=== EXERCISE MATERIAL ===
▬▬▬
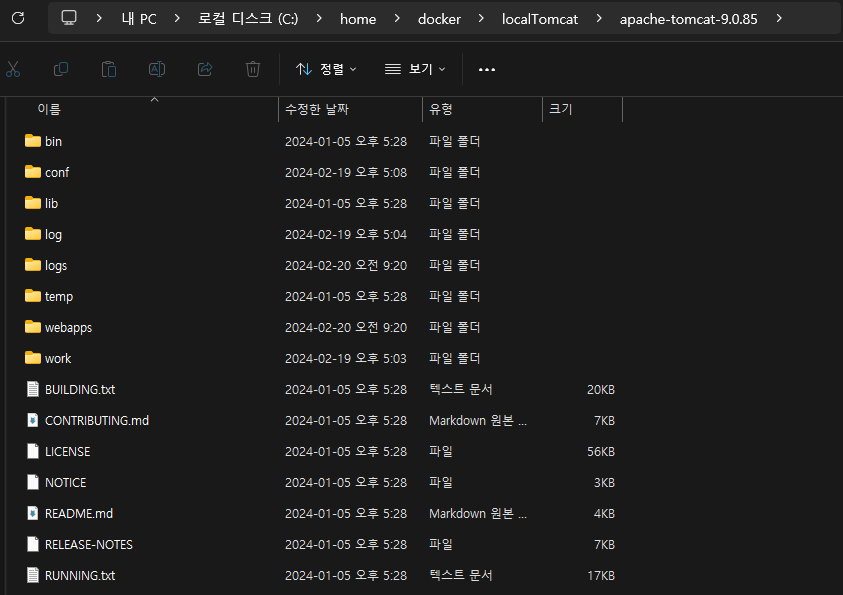 2. Docker에 Volume 잡을 폴더를 로컬에 생성하고 Tomcat 설치 후 원하는 어플리케이션을 webapps 폴더에 넣는다.
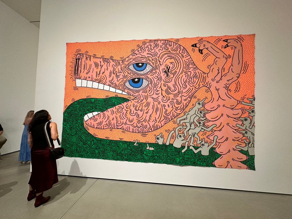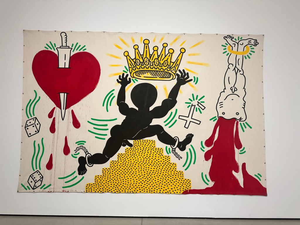 It covers the artist’s career from his early days of creating illicit graffiti art in the New York City subway system to his rise into a pop-art superstar doing epic downtown murals and public artworks. It’s filled with work from the 1980s, Haring’s most prolific and fertile period. The show is excellently curated and absolutely first-rate.
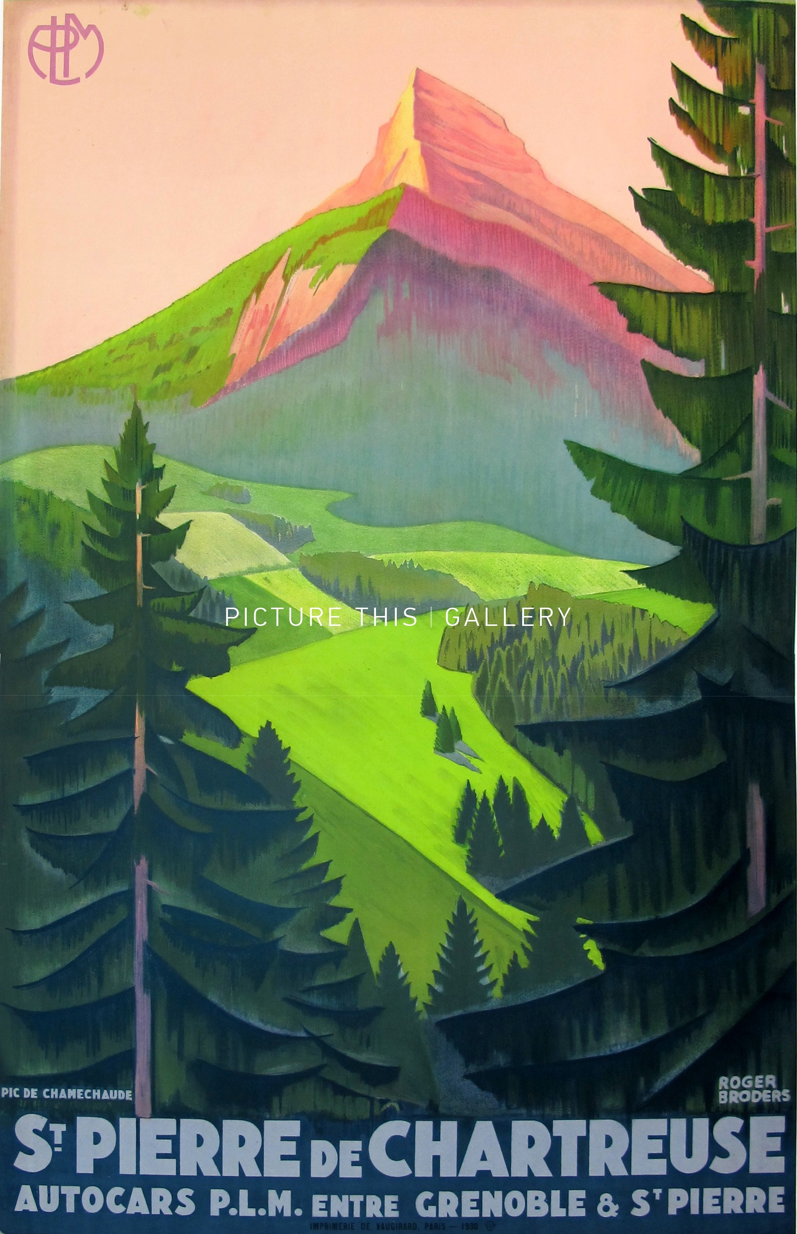 Vintage original railroad poster for the Paris-Lyon-Mediteranee railway company promoting French resort St Pierre de Chartreuse. Artwork by Rogers Broders. Printed in Paris, France, circa 1920’s. Linenbacked.
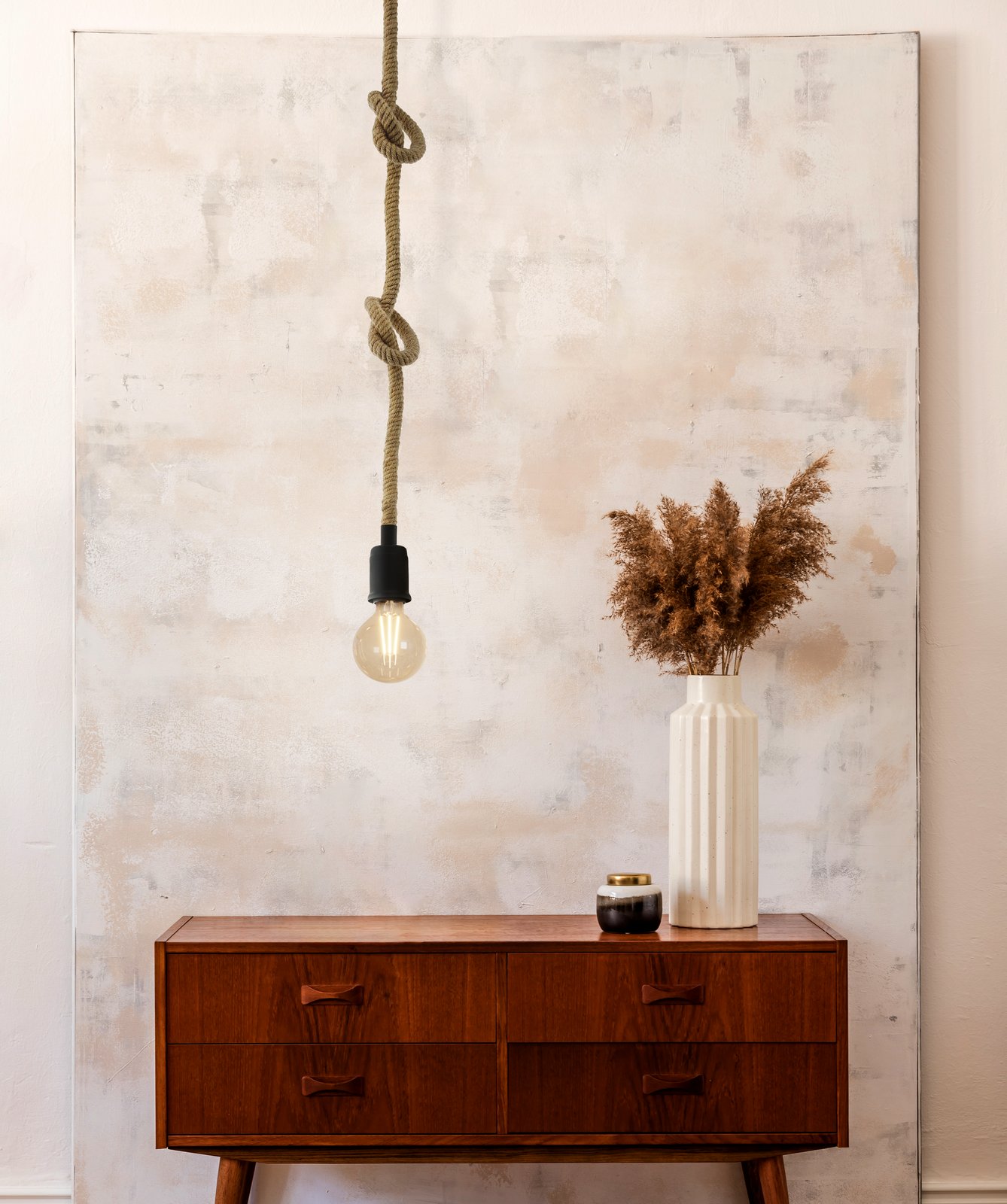 Stylová svítidla ve vintage stylu vhodná do kuchyní, jídelen a obývacích pokojů. Jsou vyrobena z oceli a provazu, na kterém jsou umístěny snítidla. |
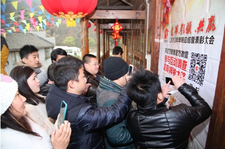 本次百居易年会,融入了很多新鲜元素。微信参与互动调查投票就是其中一个亮点,与会人员可通过微信参与调查问卷,以及为总部服务人员进行投票。
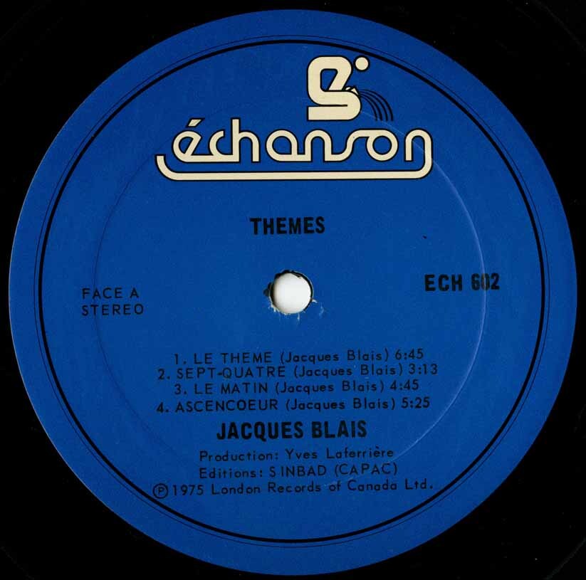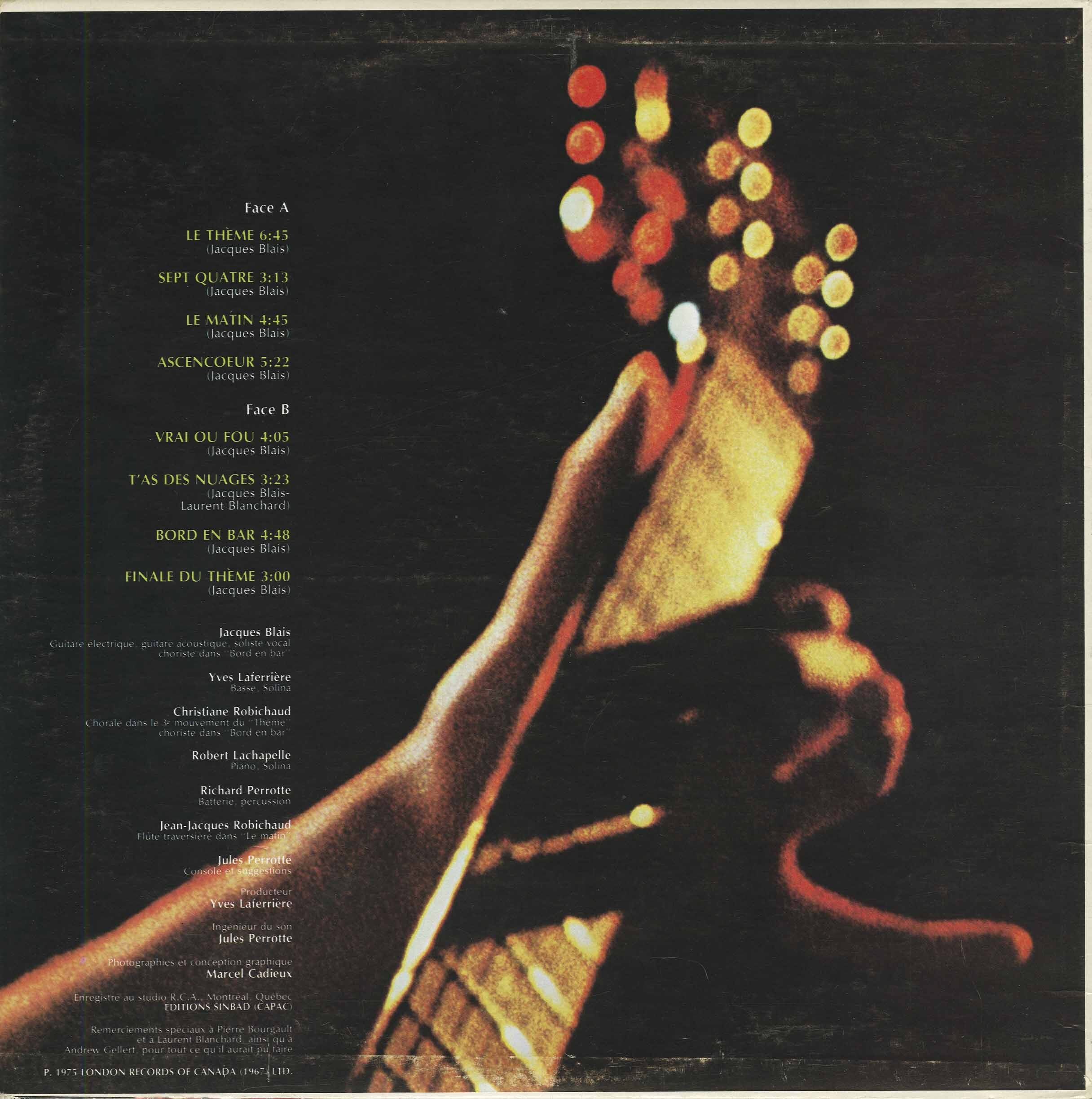 Released in March 1975, Thèmes was performed live with members of Contraction at L’Évêché, Hôtel Nelson, and during the St-Jean-Baptiste celebrations on Mont-Royal in June. Sept Quatre received heavy airplay on CHOM and CKVL, and the album was named Experimental Album of the Year by local media. In August, Blais performed before 7,000 spectators at the Chant’Août festival in Quebec City, alongside Offenbach, Pagliaro, and Aut’Chose.
▬▬▬
=== WHAT YOU SHOULD DO ===
Everything from the opening line of the data through the line with "It covers the" should be repeated exactly; leave the pictures out.

=== EXERCISE RESPONSE ===
 2. Docker에 Volume 잡을 폴더를 로컬에 생성하고 Tomcat 설치 후 원하는 어플리케이션을 webapps 폴더에 넣는다.
 It covers the artist’s career from his early days of creating illicit graffiti art in the New York City subway system to his rise into a pop-art superstar doing epic downtown murals and public artworks. It’s filled with work from the 1980s, Haring’s most prolific and fertile period. The show is excellently curated and absolutely first-rate.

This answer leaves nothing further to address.